Valerie Wexler, an organizer with Stop Police Terror Project DC, an organization committed to “changing the system of racist, militarized policing in the nation’s capital” told The Appeal that, absent full defunding of police, the D.C. City Council must put in place laws that ban police chases and implement consequences for violating them. 

“Individual officers should be subject to severe penalties for violations, and if those violations actually lead to someone’s death they should be immediately fired and stripped of their pension,” she said. Refusing to enforce violations should result in a funding freeze, an independent investigation, and any legal fees or lawsuit settlements should be paid from the department’s budget, Wexler said. 

“And bans on practices like chasing need to only be the beginning.
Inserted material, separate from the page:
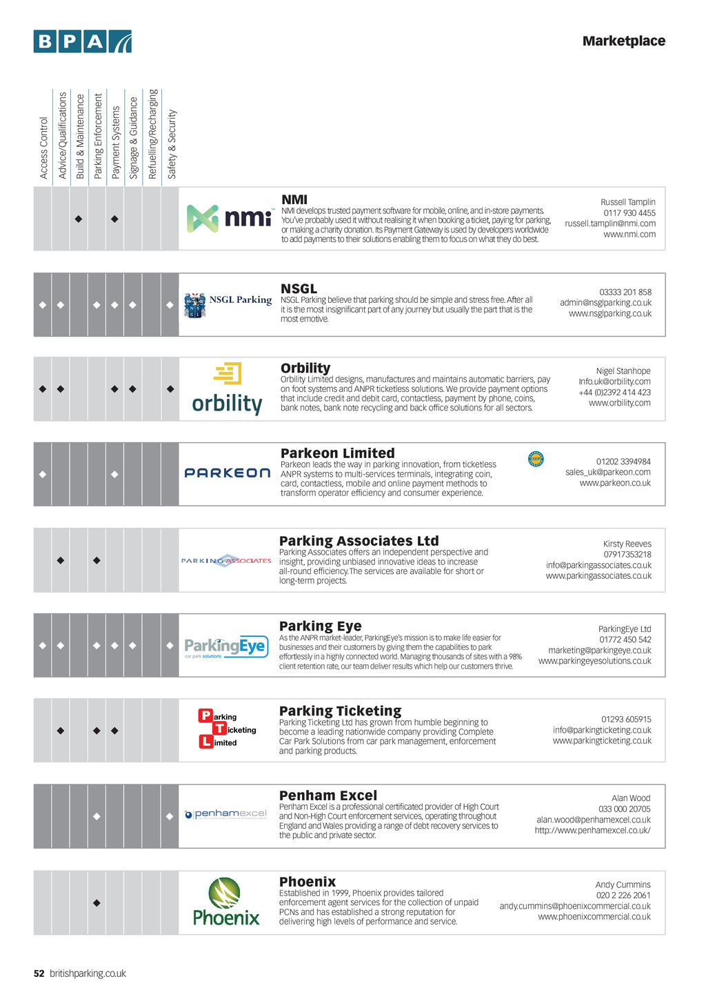 Safety & Security Refuelling/Recharging Signage & Guidance Payment Systems Parking Enforcement Build & Maintenance Advice/Qualifications Access Control Marketplace NMI u NMI develops trusted payment software for mobile, online, and in-store payments. Youve probably used it without realising it when booking a ticket, paying for parking, or making a charity donation. Its Payment Gateway is used by developers worldwide to add payments to their solutions enabling them to focus on what they do best. u NSGL u u u u u u u u u u u Orbility Limited designs, manufactures and maintains automatic barriers, pay on foot systems and ANPR ticketless solutions. We provide payment options that include credit and debit card, contactless, payment by phone, coins, bank notes, bank note recycling and back office solutions for all sectors. Parkeon Limited u Parking Associates Ltd u Parking Eye u u u u u u As the ANPR market-leader, ParkingEyes mission is to make life easier for businesses and their customers by giving them the capabilities to park effortlessly in a highly connected world. Managing thousands of sites with a 98% client retention rate, our team deliver results which help our customers thrive. Parking Ticketing u Parking Ticketing Ltd has grown from humble beginning to become a leading nationwide company providing Complete Car Park Solutions from car park management, enforcement and parking products. u u Penham Excel u u Penham Excel is a professional certificated provider of High Court and Non-High Court enforcement services, operating throughout England and Wales providing a range of debt recovery services to the public and private sector. Phoenix u Kirsty Reeves 07917353218 info@parkingassociates.co.uk www.parkingassociates.co.uk Parking Associates offers an independent perspective and insight, providing unbiased innovative ideas to increase all-round efficiency.The services are available for short or long-term projects. u Established in 1999, Phoenix provides tailored enforcement agent services for the collection of unpaid PCNs and has established a strong reputation for delivering high levels of performance and service. Nigel Stanhope Info.uk@orbility.com +44 (0)2392 414 423 www.orbility.com 01202 3394984 sales_uk@parkeon.com www.parkeon.co.uk Parkeon leads the way in parking innovation, from ticketless ANPR systems to multi-services terminals, integrating coin, card, contactless, mobile and online payment methods to transform operator efficiency and consumer experience. u 03333 201 858 admin@nsglparking.co.uk www.nsglparking.co.uk NSGL Parking believe that parking should be simple and stress free. After all it is the most insignificant part of any journey but usually the part that is the most emotive. Orbility Russell Tamplin 0117 930 4455 russell.tamplin@nmi.com www.nmi.com ParkingEye Ltd 01772 450 542 marketing@parkingeye.co.uk www.parkingeyesolutions.co.uk 01293 605915 info@parkingticketing.co.uk www.parkingticketing.co.uk Alan Wood 033 000 20705 alan.wood@penhamexcel.co.uk http://www.penhamexcel.co.uk/ Andy Cummins 020 2 226 2061 andy.cummins@phoenixcommercial.co.uk www.phoenixcommercial.co.uk 52 britishparking.co.uk PNOctober19 pp49-54 Marketplace.indd 52 23/09/2019 14:13

We also need bans on consent searches and must fully ban stop-and-frisk in D.C.,” Wexler added.

Abolitionists argue that police have never been, and are unlikely to ever be, accountable to the public because of their vast institutional power. 

“Our demand is no longer about the accountability of law enforcement. Law enforcement is unable to be accountable,” Black Lives Matter co-founder Patrisse Cullors told Atlanta Black Star in May. “We must defund law enforcement and reimagine a world that relies on an economy of care versus an economy of punishment.” 

Philadelphia-based community activist Jondhi Harrell wrote recently that cities could designate park space for ATV riders or find other ways to honor this Black subculture rather than criminalize the activity.   

Until then, Black people, at risk of being brutalized, are left without recourse, Wexler said. 

“Karon had every reason to believe that being stopped by Sutton would put him in danger,” she said. “This is the reality and the choice that Black and brown members of our community face every day—don’t run and risk dying or run and risk dying, there is no safe option.”